You asked what most people do for "coupling" manual, or automatic. Well, all model couplers couple automatically by just pushing the cars together. I think you may mean uncoupling. The most popular method of uncoupling may be using a stick to manually uncouple the Micro/Trains couplers. However Micro/ Trains couplers also have reliable automatic uncoupling built into their design. Magnets between the rails, below the track, or electromagnets, are used for uncoupling them. The between the rails type will attract magnetic, steel axles used on some cars. The under the track mount, permanent magnet can be hinged, and only tilted up directly under the track when you want to uncouple; and, of course the electromagnet is switched on and off as needed. 

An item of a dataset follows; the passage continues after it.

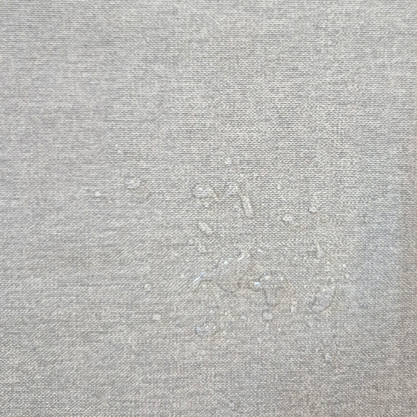 Es handelt sich um einen hochwertigen Baumwollstoff aus Spanien, der durch seine waschbeständige Beschichtung wasserdicht ist . Die Rückseite des Stoffes hat zudem eine wasserabweisende Imprägnierung, sodaß er auch von dieser Seite nicht netzt.
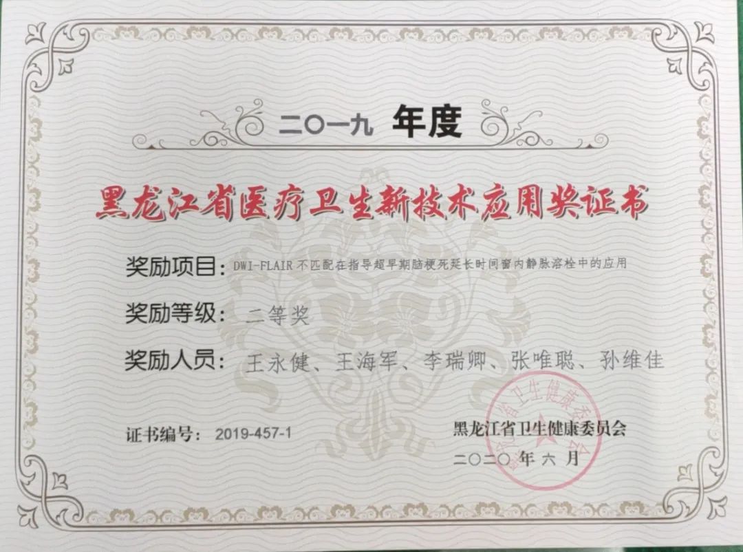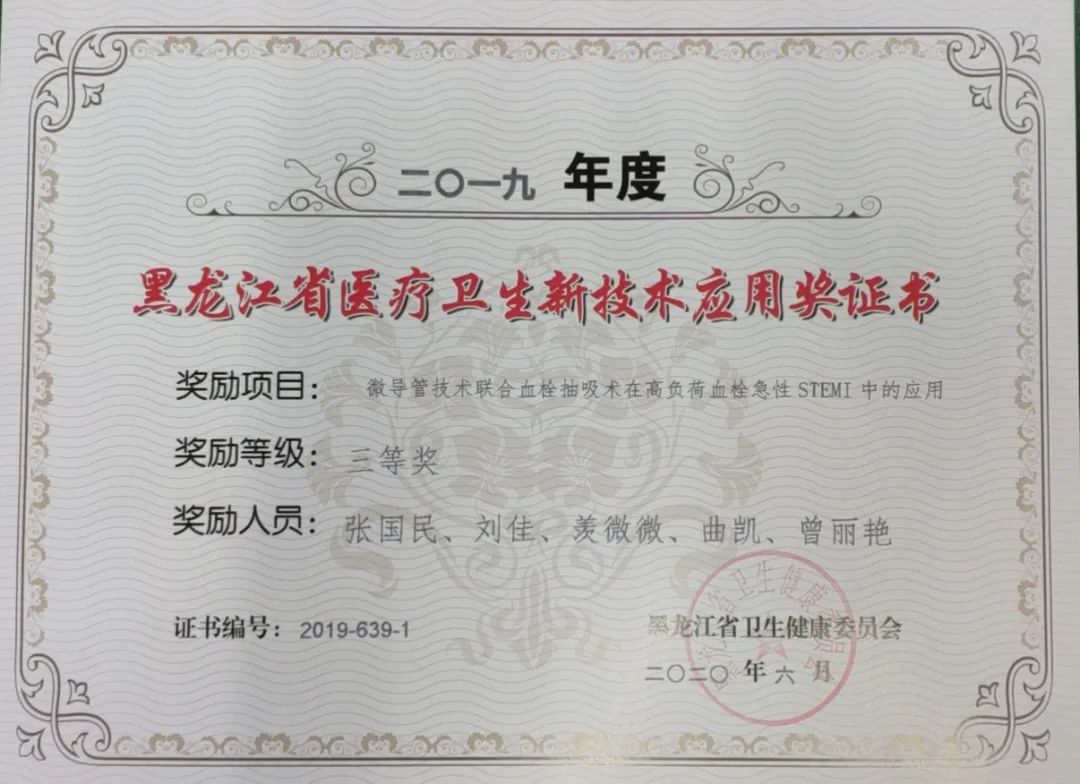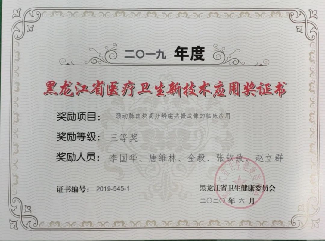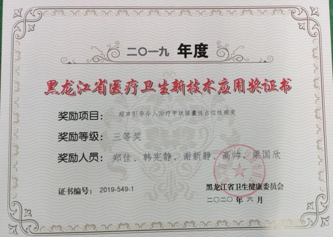 《腹腔镜下保胆取石、保胆取息肉》《微导管技术联合血栓抽吸术在高负荷血栓急性STEMI中的应用》《数字减影机监视下行尿道扩张术治疗尿道狭窄》《DWI-FLAIR不匹配在指导超早期脑梗死延长时间窗内静脉溶栓中的应用》四个临床项目经专家组评审,认为具有较强实践性,解决患者的就医难题,具有可推广性。《颈动脉斑块高分辨磁共振成像的临床应用》《超声引导介入治疗甲状腺囊性占位性病变》项目被评委省级新技术三等奖。

I hope that answers your questions;

Traction Fan:smilie_daumenpos:


----------



## traction fan (Oct 5, 2014)

*Kadee Micro/Trains*



Rook said:


> At first I thought you meant Kadee couplers...but I did see some cars labeled Kadee. And other brands I never heard of. Lima, Concor and more.
> 
> I think I should have ask what brands to stay away from lol.


Rook;

Years ago Kadee and what is now called Micro/Trains, were one company, Kadee. The brothers who owned the company split it into two separate companies with Kadee making products for HO-scale and larger. Micro/Trains now serves N-scale and Z-scale. Older N-scale cars may well be labeled Kadee. Newer ones are labeled Micro/Trains.
The excellent quality and superior detail of Micro/Trains products is seldom, if ever, matched in the ready-to run car market. They are the gold standard of N-scale. The same goes for older cars labeled Kadee.

Con-Cor is more of an importer than a manufacturer, though they do make a few cars of their own. Quality is generally quite good.

Lima is a European firm, and their quality varies all over the place. Most of their cars, and many older Bachman cars, are OK at best. Some are actually pretty bad. Again both firms have their products made in various factories in China. Quality varies with the manufacturer, but in general the cars are fairly rugged, and have basic molded-in detail. 

regards;

Traction Fan:smilie_daumenpos:


----------